■ Your task ■
Only one stretch of the data below should be repeated: the lines from the line containing "Le nombre de défaillances" through the line containing "This is a classic", inclusive, exactly as they are.

■ Material shown ■
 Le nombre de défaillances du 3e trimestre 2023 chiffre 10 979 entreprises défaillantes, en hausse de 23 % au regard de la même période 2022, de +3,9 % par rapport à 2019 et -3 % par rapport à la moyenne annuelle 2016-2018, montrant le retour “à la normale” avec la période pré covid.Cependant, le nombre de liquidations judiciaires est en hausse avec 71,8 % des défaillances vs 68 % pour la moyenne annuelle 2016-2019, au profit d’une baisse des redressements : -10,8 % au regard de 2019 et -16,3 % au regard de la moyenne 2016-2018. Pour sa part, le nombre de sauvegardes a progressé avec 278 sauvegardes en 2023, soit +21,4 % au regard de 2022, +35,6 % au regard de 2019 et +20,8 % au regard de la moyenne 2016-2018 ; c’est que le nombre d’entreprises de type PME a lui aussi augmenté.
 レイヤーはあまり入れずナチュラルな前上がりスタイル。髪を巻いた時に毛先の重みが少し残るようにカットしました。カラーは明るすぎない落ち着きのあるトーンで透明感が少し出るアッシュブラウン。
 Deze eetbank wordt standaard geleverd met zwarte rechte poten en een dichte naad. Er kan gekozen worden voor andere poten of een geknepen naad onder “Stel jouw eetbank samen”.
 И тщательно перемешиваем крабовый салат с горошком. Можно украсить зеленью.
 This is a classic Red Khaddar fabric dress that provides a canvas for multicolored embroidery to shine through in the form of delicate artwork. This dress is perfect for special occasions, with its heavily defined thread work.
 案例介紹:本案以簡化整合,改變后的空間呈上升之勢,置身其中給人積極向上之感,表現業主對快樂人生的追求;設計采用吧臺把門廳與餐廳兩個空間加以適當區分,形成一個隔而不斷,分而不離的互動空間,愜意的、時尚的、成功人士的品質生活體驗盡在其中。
* * *
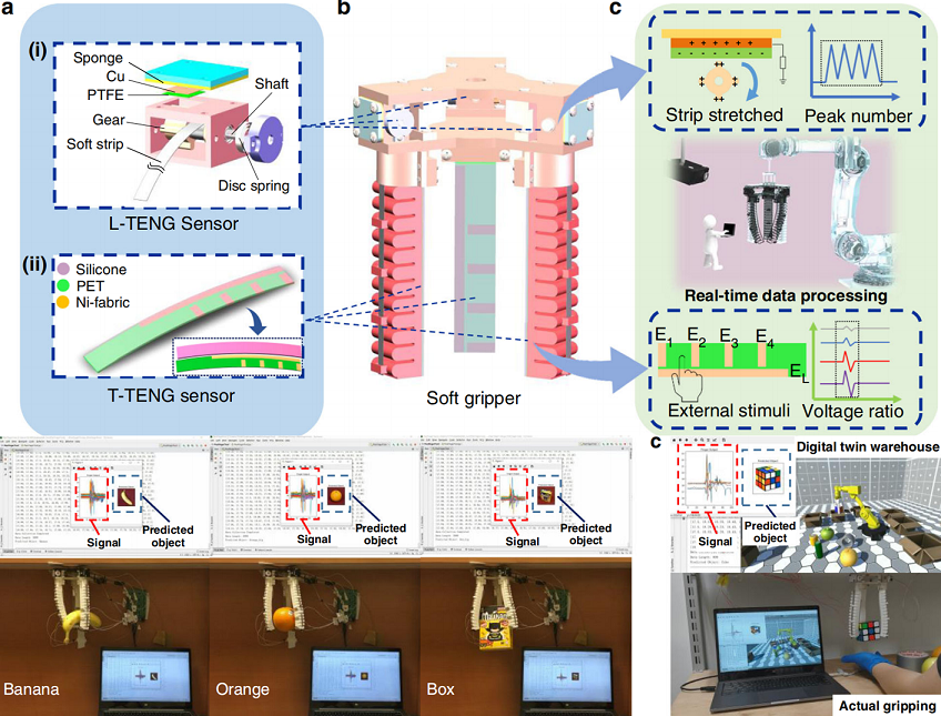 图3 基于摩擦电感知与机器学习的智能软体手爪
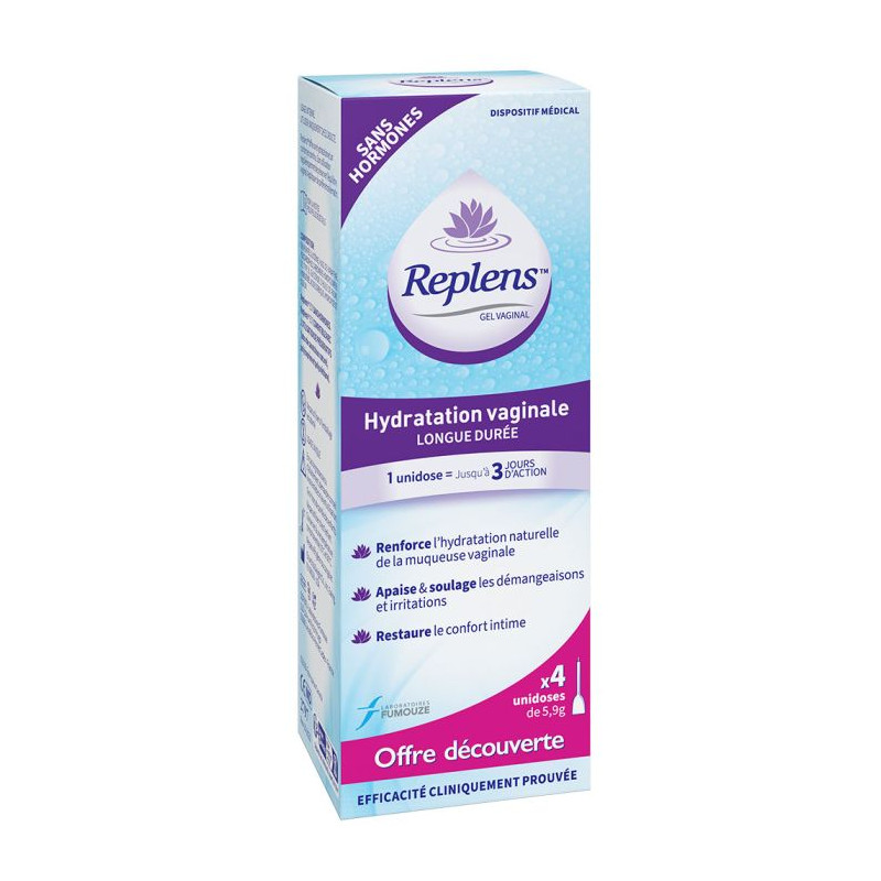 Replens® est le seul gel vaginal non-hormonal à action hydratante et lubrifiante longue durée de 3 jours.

■ Response ■
 Le nombre de défaillances du 3e trimestre 2023 chiffre 10 979 entreprises défaillantes, en hausse de 23 % au regard de la même période 2022, de +3,9 % par rapport à 2019 et -3 % par rapport à la moyenne annuelle 2016-2018, montrant le retour “à la normale” avec la période pré covid.Cependant, le nombre de liquidations judiciaires est en hausse avec 71,8 % des défaillances vs 68 % pour la moyenne annuelle 2016-2019, au profit d’une baisse des redressements : -10,8 % au regard de 2019 et -16,3 % au regard de la moyenne 2016-2018. Pour sa part, le nombre de sauvegardes a progressé avec 278 sauvegardes en 2023, soit +21,4 % au regard de 2022, +35,6 % au regard de 2019 et +20,8 % au regard de la moyenne 2016-2018 ; c’est que le nombre d’entreprises de type PME a lui aussi augmenté.
 レイヤーはあまり入れずナチュラルな前上がりスタイル。髪を巻いた時に毛先の重みが少し残るようにカットしました。カラーは明るすぎない落ち着きのあるトーンで透明感が少し出るアッシュブラウン。
 Deze eetbank wordt standaard geleverd met zwarte rechte poten en een dichte naad. Er kan gekozen worden voor andere poten of een geknepen naad onder “Stel jouw eetbank samen”.
 И тщательно перемешиваем крабовый салат с горошком. Можно украсить зеленью.
 This is a classic Red Khaddar fabric dress that provides a canvas for multicolored embroidery to shine through in the form of delicate artwork. This dress is perfect for special occasions, with its heavily defined thread work.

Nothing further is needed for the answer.